I didn’t choose the schools that I attended to: “The best one in the country, only the top for your pupils!” They taught us how to write, what to write, when to write. They taught us what is good and what is bad, what they say it happened in the past, who was right and who was wrong, which skills will be useful and which are to be deleted from our brain.

They taught us how to play music, they decided which instrument fit us better, and after that they taught us the regular way to play those. I learnt to play piano because it suited my hands better; they showed me how to replicate Bach, Beethoven, Chopin.

I didn’t choose whether to attend or not Church: they indoctrinated me with the Word of Christ, how to follow the correct path, what’s a sin and what’s a virtue; who to love and who to hate.
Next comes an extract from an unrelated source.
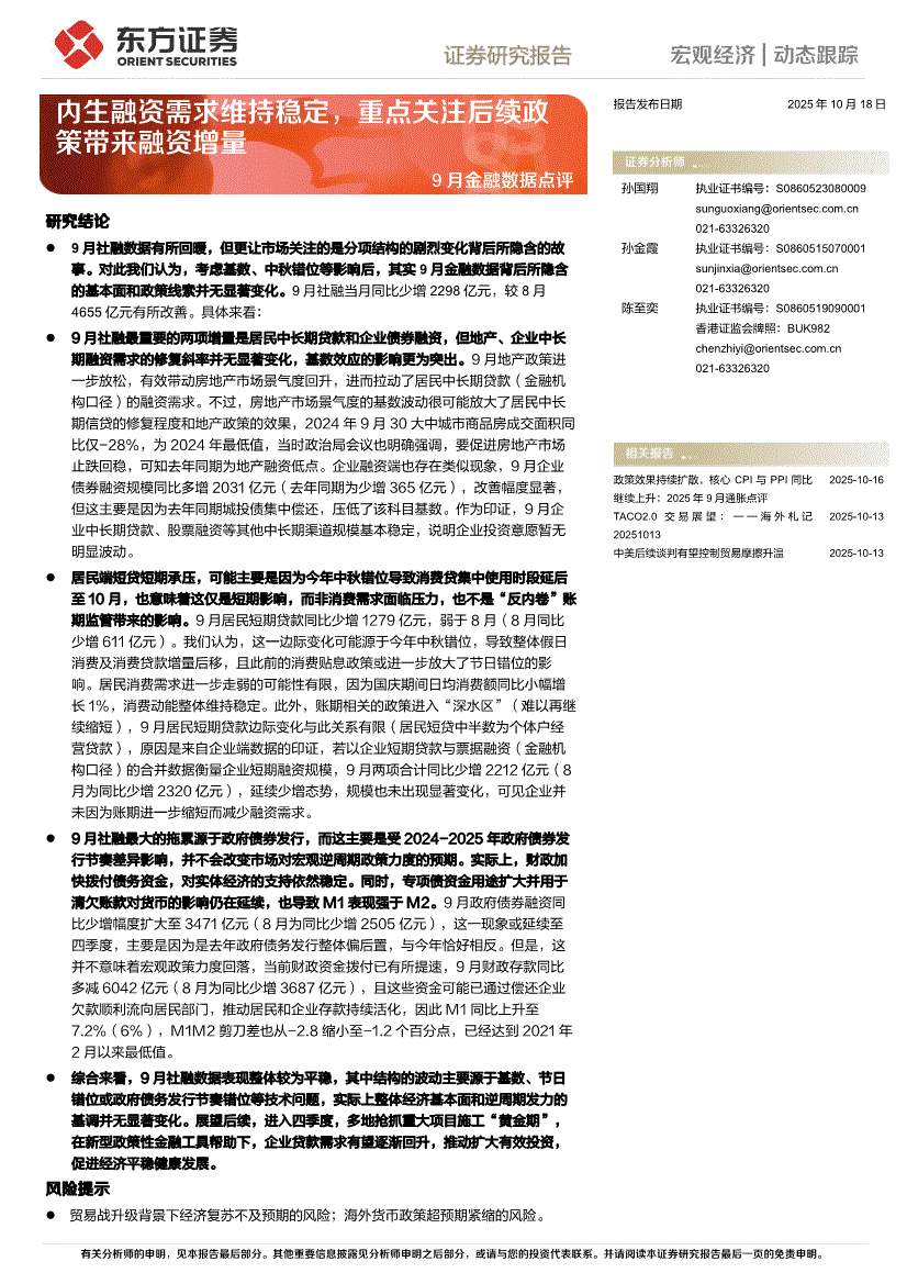 东方证券-9月金融数据点评:内生融资需求维持稳定,重点关注后续政策带来融资增量-251018

They told me that He’s right there above, checking what we do and how we use the “free will” that he gave us.

I never had the chance of choosing my friends: all the young generation of the elite of the city, as they say “creme de la creme”; people with no ambitions or any particular view of the world, the only similar trait shared appeared to be the general impossibility for them like for me to have a personal opinion, to make a choice on their own, to exert the famous free will that every Sunday God’s friends in church were propagandizing to us.

I could not choose who to love and how to love. I could not follow my heart, where my thoughts and desires were dragging me. I could not choose how to look the people that I wanted to look in a way that I could not even understand; I could not fulfill what my body was trying to ask me.

I could not have contacts with the “real people”: they were different from us, they were poor, they were with no moral compass, with no sense of decency and honor. They weren’t unlucky, they were simply not fit to success; too lascivious, too lazy, too vicious. Too free, I would have said. But I could not decide the words that I wanted.

I didn’t choose my job, I din’t choose my aspirations, I didn’t choose my hobbies. I didn’t even choose my own family. I had two children that I had with a woman I didn’t and I still don’t love. I gave them names that belonged to my grandfathers, I grew up teaching them what I was taught, so that we will be sure that the circle will not be broken and the status quo will be maintained.

I could not choose to be unhappy: all this time I got watched carefully by who was around, checking my behavior and saying that it was not right, that I was strange, that I was not doing it all properly. They started to say again that “ Someone should better check on me”.

And i got checked, and checked again, and I was found too strange, to unfit for my role: I got cured from what someone else decided that it was a disease, and I spent months reflecting on what I was mistaking and how to follow the correct stream.

They taught me how to think, how to breath, how to leave. They taught me everything and they decided for me for all my life.

And here I am, looking back of a life of decisions that I didn’t take, while I am taking the first decision by myself.

Here, I’m playing this guitar with too big hands to play it properly, looking down from a high, anonymous palace that I chose between thousands of others.

And when the air started whirling in my haircut that the hairdresser made for me, watching the pavement rapidly approaching towards me, that with a smile on my face, I felt the thrill of living a life on your own choices.